The Devil whispered in my ear, "You're not strong enough to withstand the storm". Today I whispered in the Devil's ear, "I am a child of God, a man of faith and a Warrior of Christ .......I am the storm". Author unknown


A man asked his wife, "What would do if I told you I won the lottery"? She answered, "I'd take half and leave you". He said "I won $12 here's your $6 and keep in touch".

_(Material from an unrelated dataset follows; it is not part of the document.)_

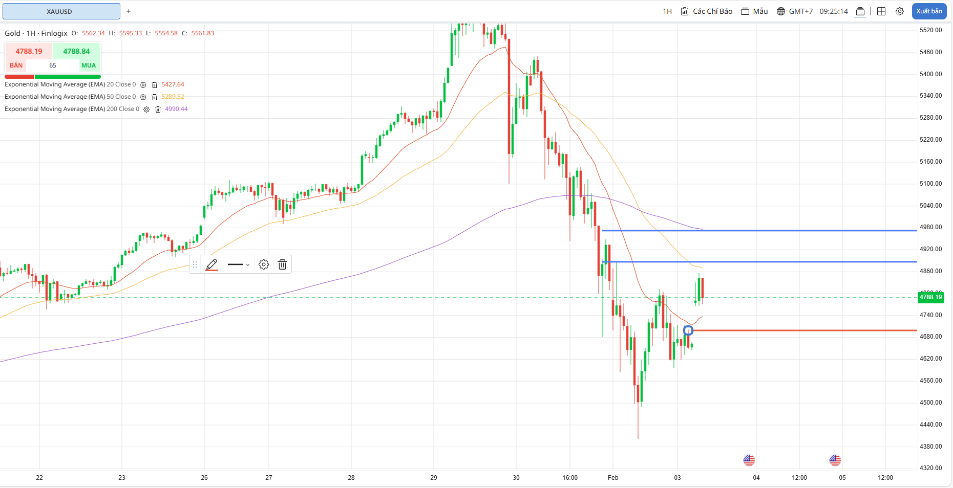 👉 Chờ Mua khi giá hồi phục lại phạm vi 4675 -4700
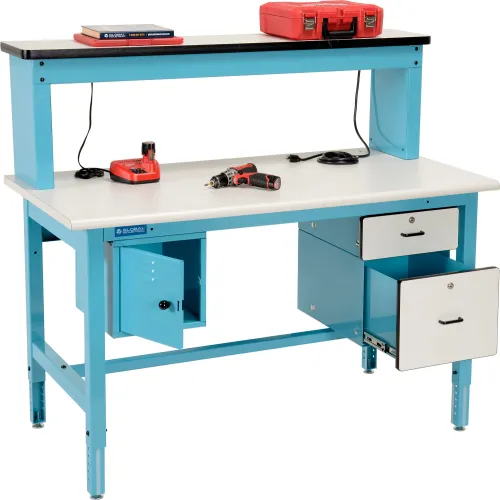 Global Industrial Bench-In-A-Box Technical Workbench, Plastic Laminate Top, 60"Wx30"D, Blue

It turns out a major study recently found that humans eat more bananas than monkeys. Makes sense to me, I mean I've never eaten a monkey.
My wife left a note on the fridge that said "This isn't working". I'm not sure what she's talking about. I opened the fridge door and it's working just fine.

Southern Women

If a Southern Woman says "What did you say?" She isn't asking you to repeat it.
She's asking if you're good with Jesus....cause you're about to meet Him.

Ole Cowboys

Two cowboys standing at the bar drinking with one of them looking out over the tables. As he studies the crowd he's looking hard at this one gal. He elbows his buddy and says "look ain't that ole Hortense over there"? His buddy turns around and says "nah, she looks pretty relaxed to me". duh!!!
Two ole drunk cowboys stumbled out of the honky tonk and as they walked past the row of cars, one noticed this ole dog rolled over on it's back licking himself. "I wish I could do that" he said. His buddy said "You might want to pet him first".!!
These aren't very funny times folks, with all the sickness, droughts, wild fires, Queens dieing and crazies with guns it's almost like a world I don't recognise. Some we can correct ourselves the others, we might want to pray and ask for help with those.